Every line from the one with "上段、下段ともにワンタッチロ" through the end of the material below, both ends included, should be transcribed exactly, without pictures.

> [Supplied material]
────

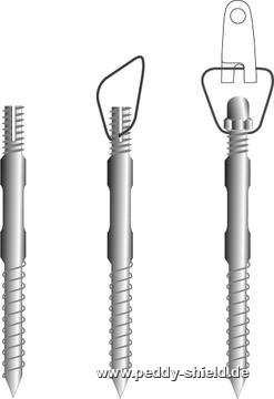 De trapeziumring aan de bovenkant van de dubbelschroef maakt het in- en uitdraaien van de runner op een staaldraad mogelijk, waardoor bv. een 3-punts zonnezeil snel gemonteerd kan worden (en er ook weer snel af gehaald kan worden).
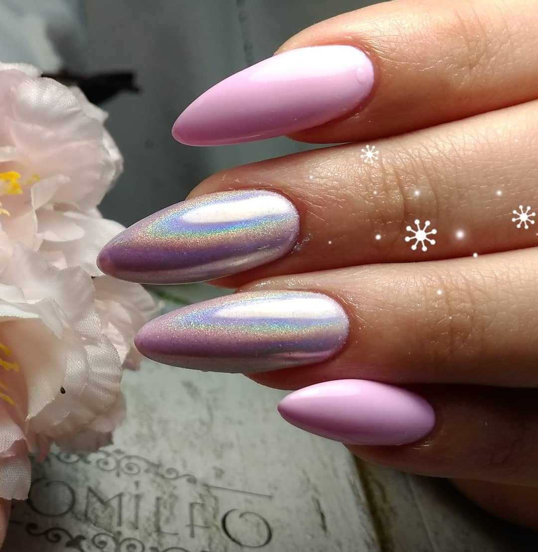 В мире нейл-арт индустрии существует большое количество разновидностей нежного, но в тоже время блестящего маникюра. Мерцающий декор имеет невероятный спектр разнообразия, что позволит подобрать дизайн для всех случаев жизни. Нежный нейл-арт с блестками прекрасно впишется в праздничные образы, наполнит изящностью и очарованьем повседневные наряды. Переливающийся акцент способен сделать маникюр неотразимым, а сам образ ярче и веселее. В качестве блестящего дополнения можно смело использовать фольгу, глиттер, втирку, бульонки, стразы, хлопья Юки или хрустальную крошку. О самых лучших идеях нежного блестящего маникюра мы расскажем более детально.
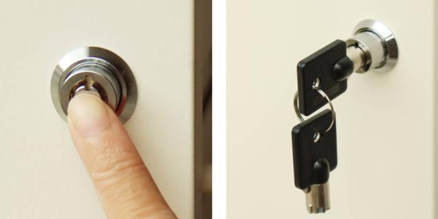 上段、下段ともにワンタッチロックキーを押すと施錠でき、防犯面にも安心です。ロックを解除する際には付属のキーをご使用下さい。
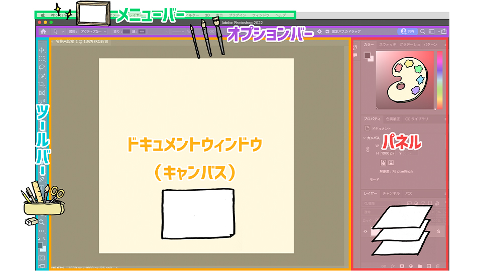 Photoshopの画面は大きく分けて5セクションあります。

────

> [Your solution]
 上段、下段ともにワンタッチロックキーを押すと施錠でき、防犯面にも安心です。ロックを解除する際には付属のキーをご使用下さい。
 Photoshopの画面は大きく分けて5セクションあります。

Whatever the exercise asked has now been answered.